Dataset entries
============================================================
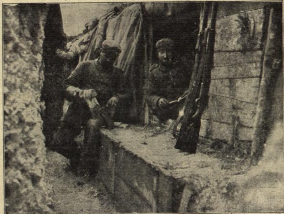
Ruhepause in einem deutschen Schützengraben bei Reims. Rechts Wohn- und Schlafraum.
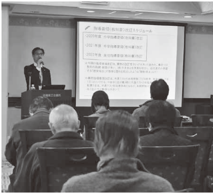
教材会社による情報提供セミナー

当日は、学習塾専門の教材販売会社3社が出席。新刊教材の展示のほか、学習指導要領の改訂や大学習試改革の動向についての情報
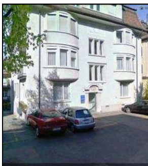
Sitz ipsyt GmbH Scheuchzerstrasse 21, 8006 Zürich
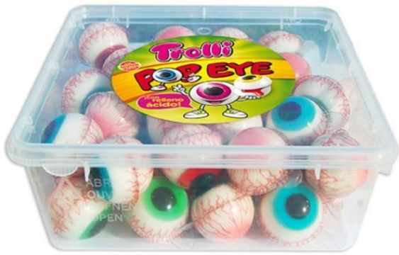
11677 - POP EYE INC. PZ.45 GR.846 TROLLI
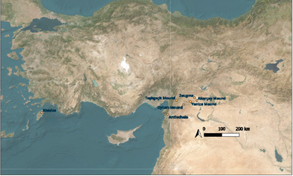
Map 1: Settlements near Yenice Höyük and its immediate surroundings bearing Rhodian amphora stamps. (T. Demir)
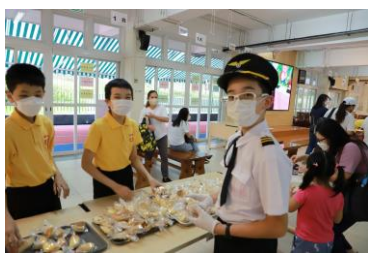
學生們享用英式鬆餅。

學生和家長都表示很喜愛這幾個遊學團。將來當疫情退卻，我們還會考慮繼續遊學活動，讓更多學生放眼世界，增廣見聞。
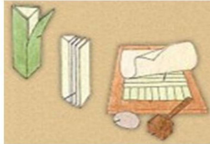
Процесс изготовления папируса В III ст. до н.э. техника изготовления папируса достигла высокого уровня.
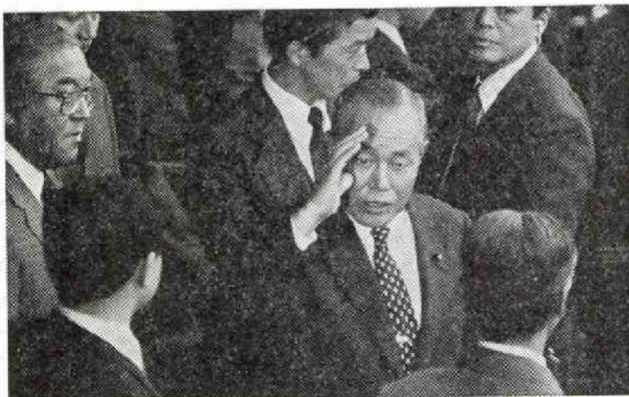
実刑判決を受け、保釈金3億円を納めて地裁を出る田中被告

午後二時過ぎ、田中元首相は三億円の保釈金を積んで地裁をあとにした。元首相の車を無線カー、オートバイ、ヘリコプターが追った。その喧噪を耳にしなが、夕刊のゲラ刷りがファックスを通して記者室に送られてきた。「10・12判決」報道大作戦は終わった。
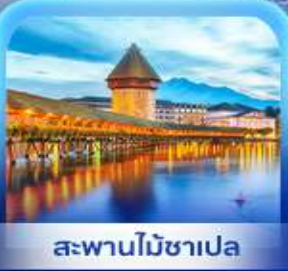
สะพานไมซ์าเปลา
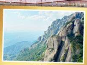
เขาหลิงซาน
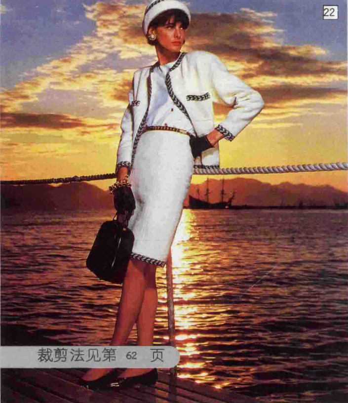
裁剪法见第 62 页
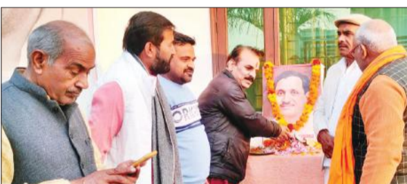
पंडित दीनदयाल उपाध्याय के चित्र पर पुष्प अर्पित करते भाजपाई।
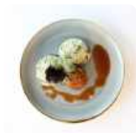
Runderbal met andijvie stampot
============================================================
◆ **WORK TASK**:
Please set down only the lines from the first line of the records above through the line that has "學生和家長都表示很喜愛這幾個", exactly, and not the pictures.

◆ **SOLUTION TO THE PROBLEM**:
Ruhepause in einem deutschen Schützengraben bei Reims. Rechts Wohn- und Schlafraum.
教材会社による情報提供セミナー

当日は、学習塾専門の教材販売会社3社が出席。新刊教材の展示のほか、学習指導要領の改訂や大学習試改革の動向についての情報
Sitz ipsyt GmbH Scheuchzerstrasse 21, 8006 Zürich
11677 - POP EYE INC. PZ.45 GR.846 TROLLI
Map 1: Settlements near Yenice Höyük and its immediate surroundings bearing Rhodian amphora stamps. (T. Demir)
學生們享用英式鬆餅。

學生和家長都表示很喜愛這幾個遊學團。將來當疫情退卻，我們還會考慮繼續遊學活動，讓更多學生放眼世界，增廣見聞。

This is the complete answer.